▸ Task brief
Locate "- One 50 count" in the listing. Transcribe the line that contains it and every line that follows, through the last, omitting all pictures.

▸ Source data
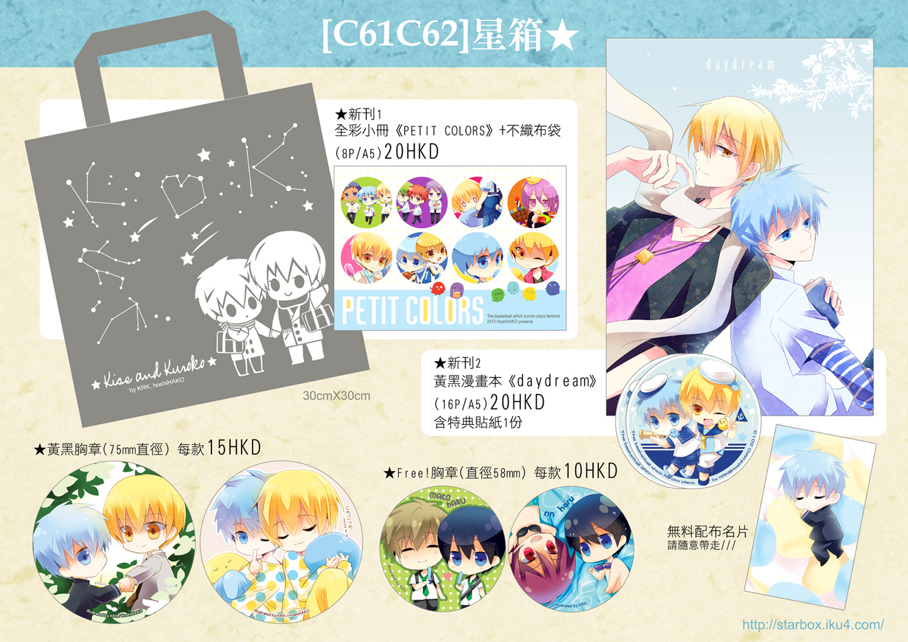 3. Free!襟章(58mm) / 2種類 / 每款10HKD
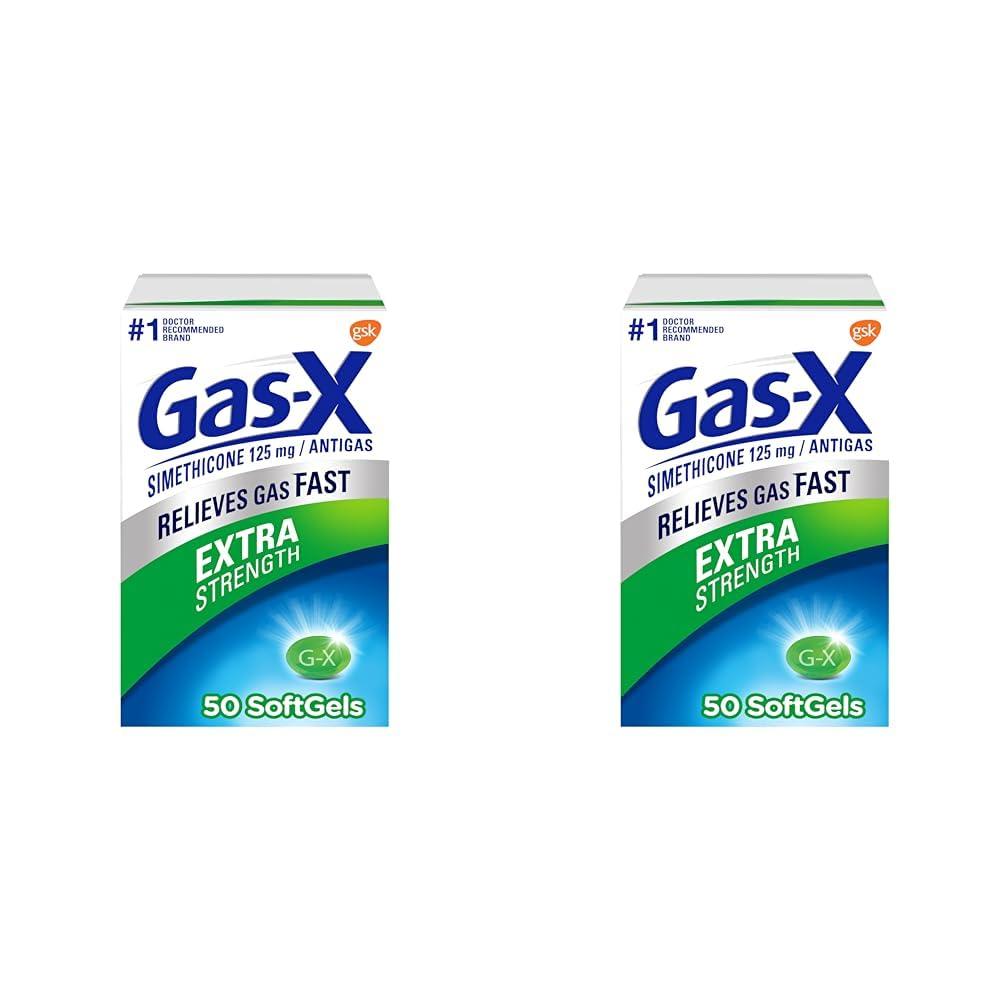 - One 50 count package of Gas-X Extra Strength Gas Relief Softgels with Simethicone 125 mg; number 1 Anti-Gas Relief Brand
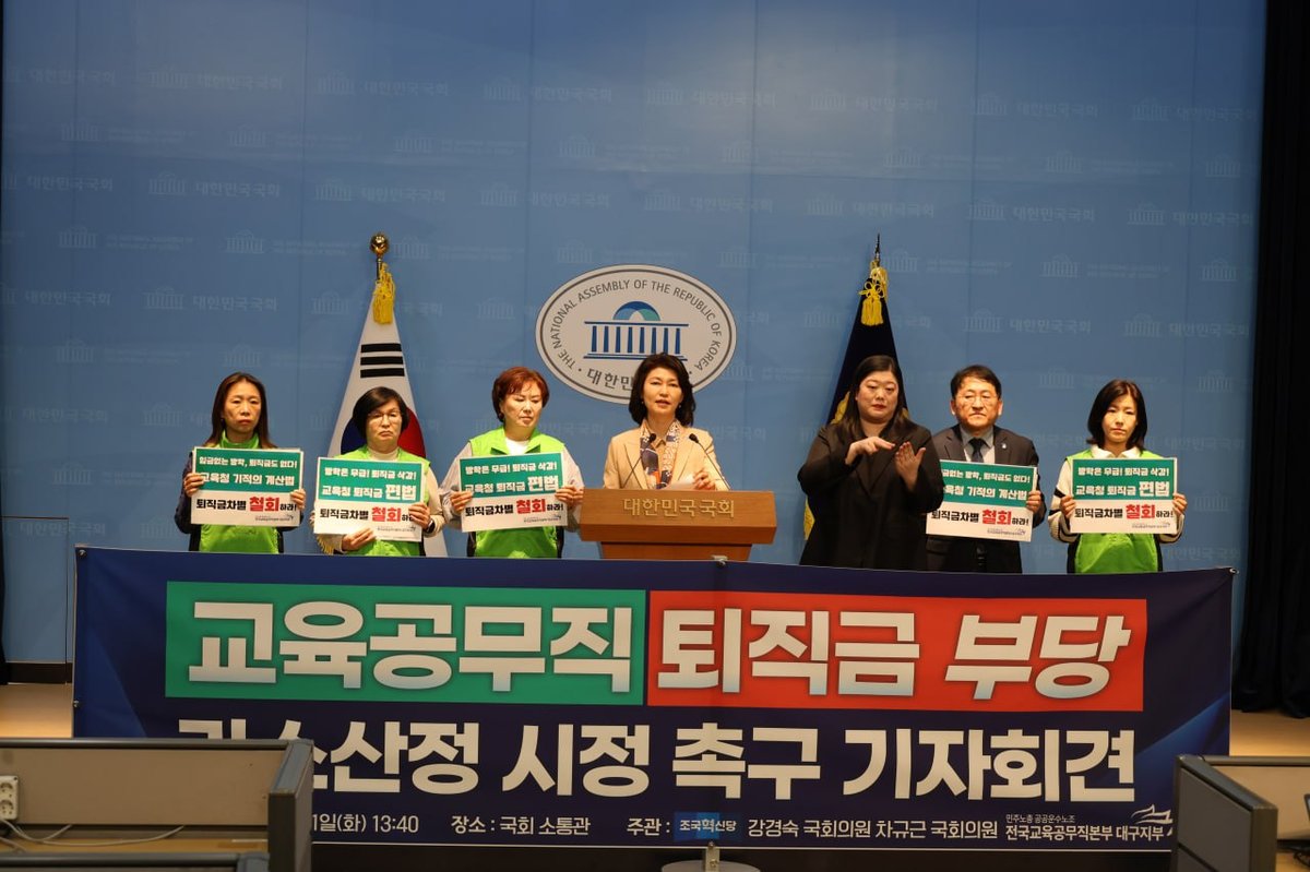 [충청뉴스큐] 조국혁신당 강경숙, 차규근 국회의원과 전국교육공무직본부는 2026년 3월 31일 국회 소통관에서 조국혁신당 강경숙 국회의원과 함께 교육공무직 퇴직금 부당 과소산정 시정촉구 기자회견을 개최했다.

▸ Result of this exercise
 - One 50 count package of Gas-X Extra Strength Gas Relief Softgels with Simethicone 125 mg; number 1 Anti-Gas Relief Brand
 [충청뉴스큐] 조국혁신당 강경숙, 차규근 국회의원과 전국교육공무직본부는 2026년 3월 31일 국회 소통관에서 조국혁신당 강경숙 국회의원과 함께 교육공무직 퇴직금 부당 과소산정 시정촉구 기자회견을 개최했다.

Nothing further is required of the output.